Forte ricorda che l’Alleanza islamica è la «trentanovesima sigla presente dal novembre 2014 nella black list del governo degli Emirati arabi». Quando si diffuse la notizia della lista nera, il presidente dell’Alleanza parlò di accuse infamanti. In seguito anche il responsabile legale Caim, Reas Syed, difese la sigla al centro del terremoto: «Potrebbe essere un abbaglio» disse al Giornale, evocando ricorsi. La sigla comunque gioca un ruolo chiave nella partita delle future moschee da costruire in Italia. Forte cita il presidente dell’Ucoii, Izzedin Elzir, che ha parlato di una raccolta fondi capace di procurare 25 milioni di euro. «Il tesoriere della stessa organizzazione, che quindi ha fatto un lavoro di raccolta fondi molto valido con il Qatar charity – spiega il consigliere – è Mohammad Abdul Rahman, altrimenti noto come Mohamed Ibrahim». «Ibrahim è anche presidente dell’Alleanza islamica d’Italia».

Non solo: una foto di gruppo lo ritraeva con il discusso imam di Cinisello e con Musa Cerantonio, un reclutatore di jihadisti arrestato nel 2014. Amicizie discutibili. Jibril invece era intervenuto sulla strage nel giornale Charlie Hedbo. Così: «L’amato profeta Muhammad è caro e prezioso ad ogni musulmano» aveva scritto. «C’è chi lo insulta e lo sbeffeggia chiamando tutto ciò libertà d’espressione». «Rispetto per le vittime – la conclusione – rispetto per la fede di 1,5 miliardi di persone, rispetto per il profeta Muhammad: fermiamo Charlie Hebdo» era la parola chiave. E accompagnava alla «condanna» per «la terribile azione terroristica di Parigi» un pesante giudizio sulla rivista parigina, definita «blasfema, odiata e disprezzata in tutta la Francia».

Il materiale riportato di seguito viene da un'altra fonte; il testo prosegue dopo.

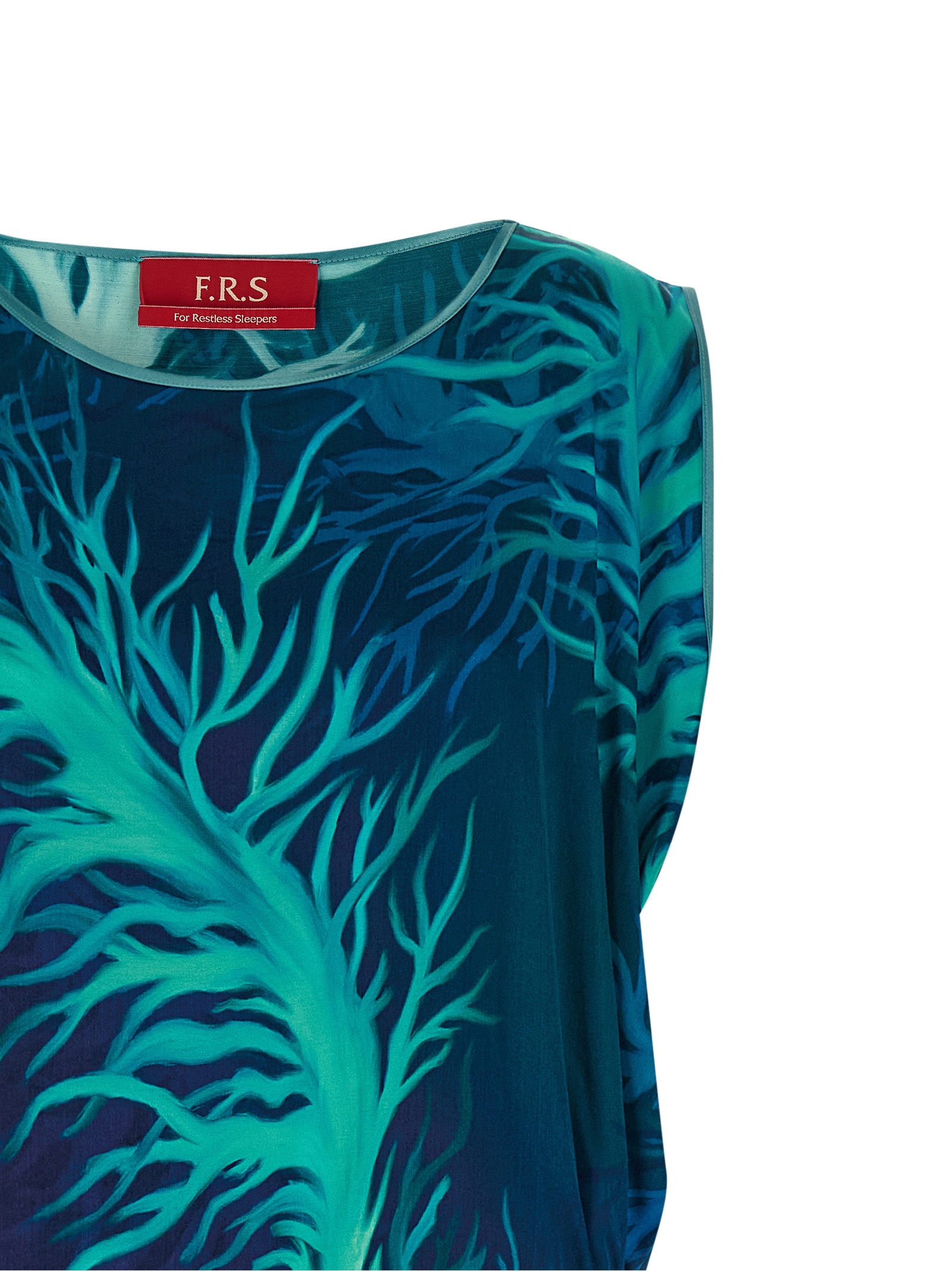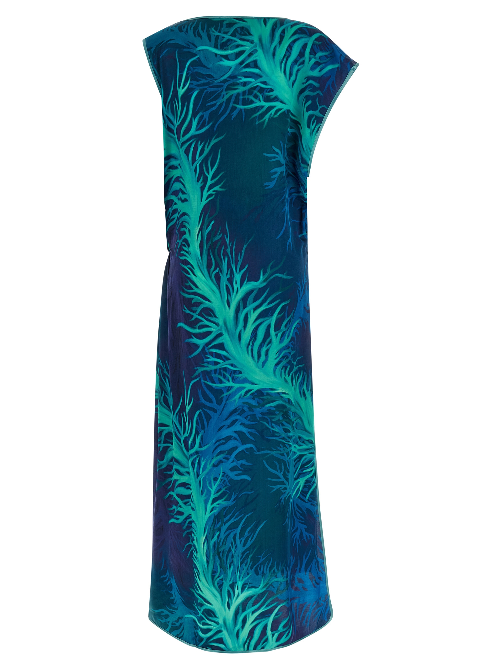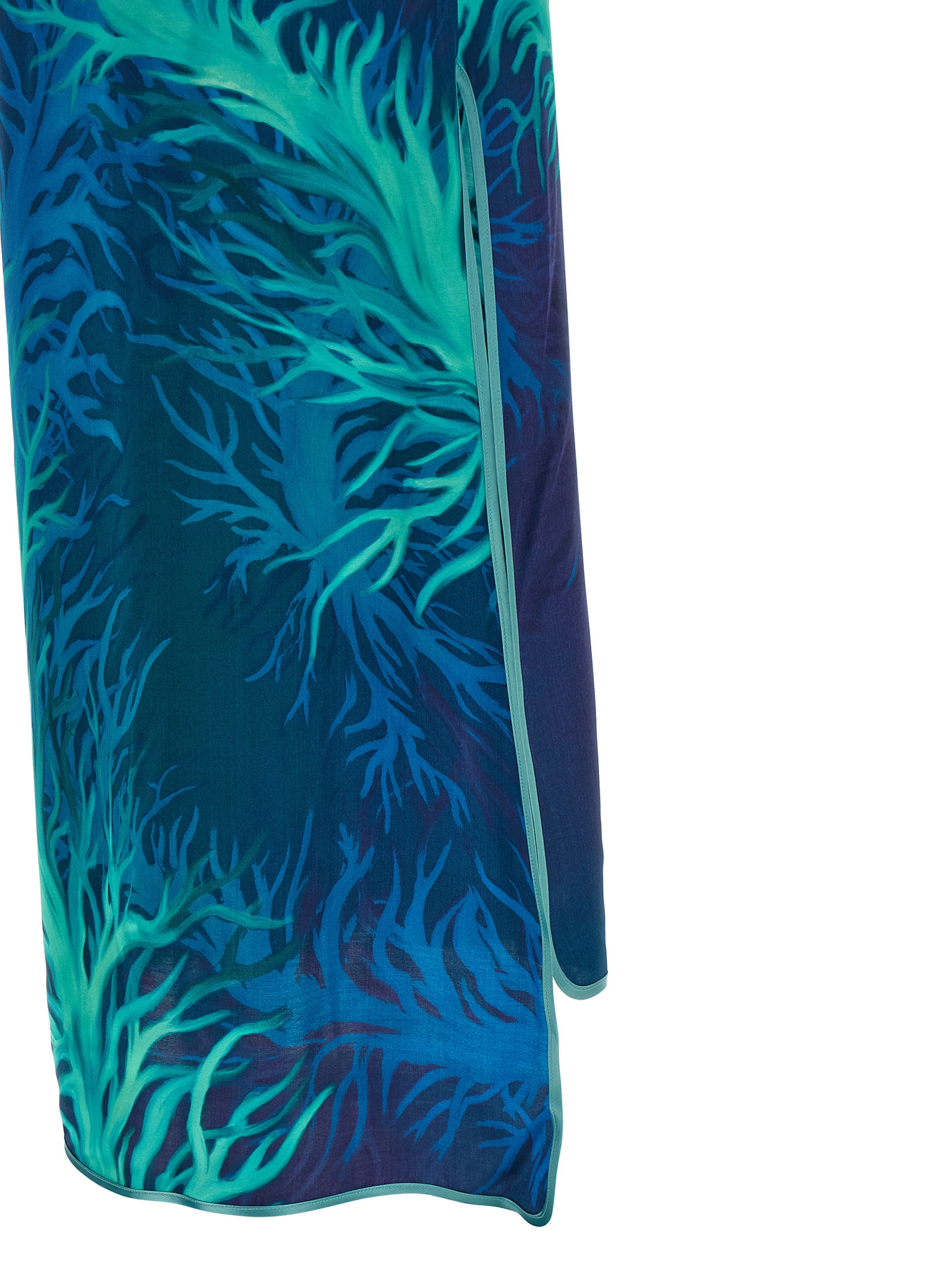 'Briseide' long dress in silk viscose satin with 'Corals Blue' print, solid color piping, asymmetrical construction, draped waistband, round neckline, sleeveless, wide armholes, zip closure and wide side split.Характеристики товара

«Ognuno è libero di parlare con chi vuole – commenta oggi Forte a proposito della foto milanese – E Sala è libero di chiedere voti a chiunque, soprattutto a liberi cittadini incensurati che hanno il diritto di appartenere alle più diverse fedi. Ma ci sono domande fondamentali a cui dovrebbe rispondere». «Quando dice che a Milano una moschea si farà, ne ha in mente una finanziata coi milioni del Qatar raccolti dall’Ucoii? È sicuro che questo privilegi un islam italiano?». E ancora: «Sala non crede che in questo modo rischia di importare nei nostri quartieri i conflitti tra musulmani che stanno ridisegnando i confini degli stati in Medioriente? Sala non crede che legittimare chi rappresenta l’islamismo politico non ha nulla a che fare con l’integrazione quanto invece con la sottomissione? Sarebbe importante che il candidato del centrosinistra rispondesse prima di domenica 19 giugno». Non si sa se lo farà. Ieri era a volantinare con Sumaya Abdel Qader, che del Caim è responsabile Cultura. E sicuramente ha detto che vuole una moschea «velocemente». Posizione legittima, certo. Ma a chi vuol farla costruire è il punto.